In contrast to purely data-driven deep learning approaches, more classical approaches combine feature engineering methods with machine learning models [5]. By incorporating domain knowledge and computing deterministic features, explainability can be obtained. Furthermore, due to the use of preprocessed feature data, one can rely on computationally efficient machine learning algorithms, which reduces the training effort compared with most deep learning approaches.

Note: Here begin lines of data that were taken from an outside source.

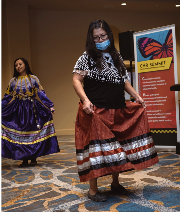
Figure 8. Hualapai Tribe CHR/CHWs performing a traditional dance at the Cultural Sharing Reception

The Cultural Sharing Reception in the evening provided continued opportunities for networking and learning about each other. The Hualapai CHR/CHW Team started off the night with a traditional ceremonial dance that celebrated their Tribal Heritage. Figure 8. The Hopi CHR Team was next with a social (ceremonial) dance. The Hualapai Team then asked everyone in the audience to participate in the Round Dance. The evening ended with multiple donated prizes being raffled to those in attendance.
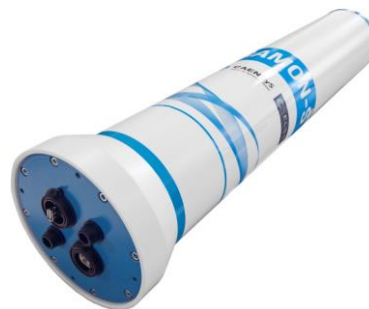
Fig. 5: Picture of the gamma radiation spectroscopy system for real-time radiation monitoring

To be operated as a station it mounts batteries, optional solar panels and is provided with wired and wireless communication interfaces: USB 2.0, Ethernet, WiFi and 3G/4G LTE.
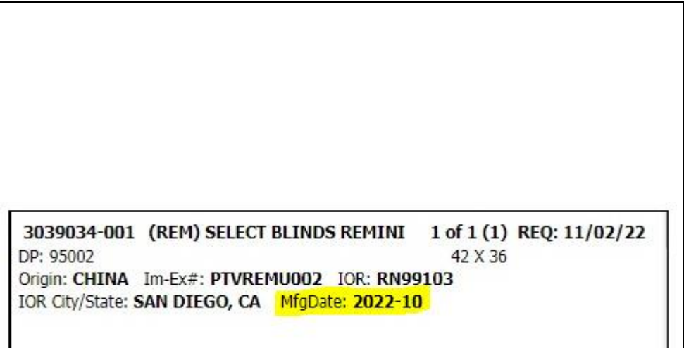
IMAGE 2. SHIPPING BOX LABEL
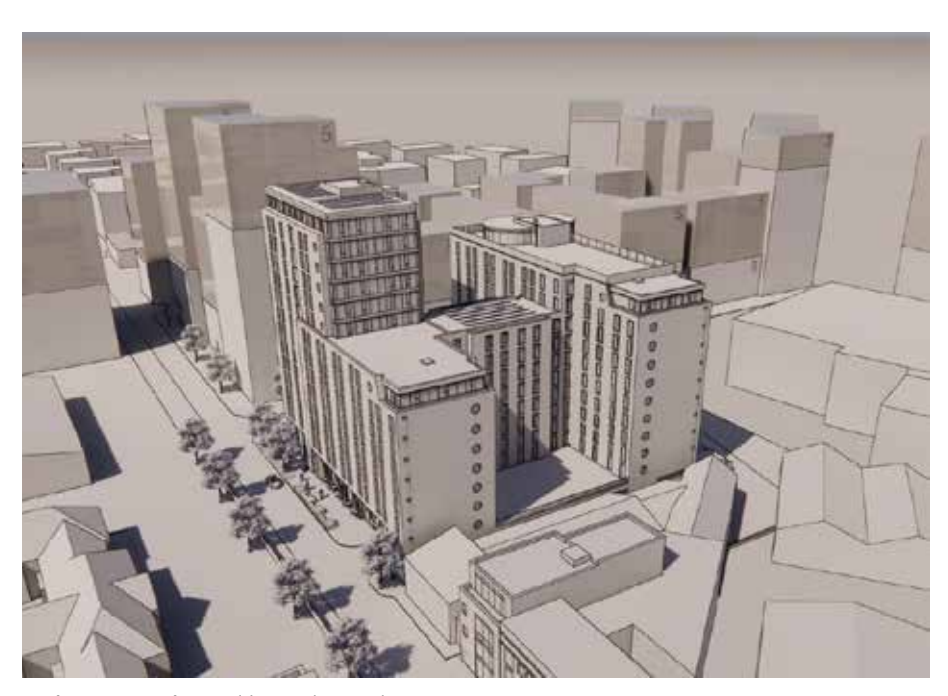
Trade Street Gardens Holder Mathias Architects

The process leading to this submission was discussed, including pre-agreements involving issues of scale and mass. At this stage we queried the quality of the submission which just involved CGIs. We noted how the mass had been adjusted to maintain the level of development but without a clear sense of the impact of this scale on the amenity of residents or the quality of a future street environment which would be cavernous if neighbouring sites are developed to a similar scale.
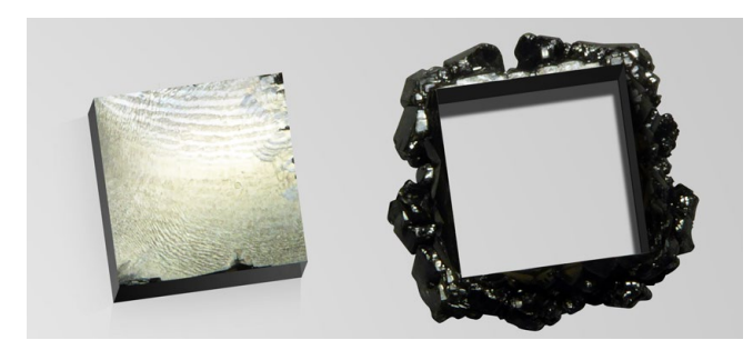
CVD block after coring process
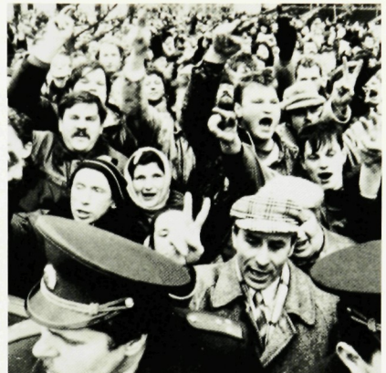
Independence Rally In Lithuania

The remainder of this paper is structured in the following way: Section 2 presents fundamentals of the CWRU dataset and a collection of feature engineering methods. Fundamentals of popular processing methods and a list of relevant feature formulas are provided. Subsequently, specific feature extraction methods are presented in Section 3, deriving novel feature calculation techniques by systematically applying series connections of processing methods and feature formulas. Section 4 discusses the resulting fault diagnosis accuracies obtained using the different feature sets. Furthermore, the results are analyzed with respect to deep-learning-based results from the literature. To analyze feature explainability, visualizations of feature characteristics are presented. The final Section 5 critically summarizes the research findings.

2. Fundamentals

Literature provides public bearing datasets for the investigation of different fault diagnosis methods. A well-structured literature overview of fault diagnosis methods and the datasets used can be found in publications by Schwendemann et al. [6] and Hakim et al. [7].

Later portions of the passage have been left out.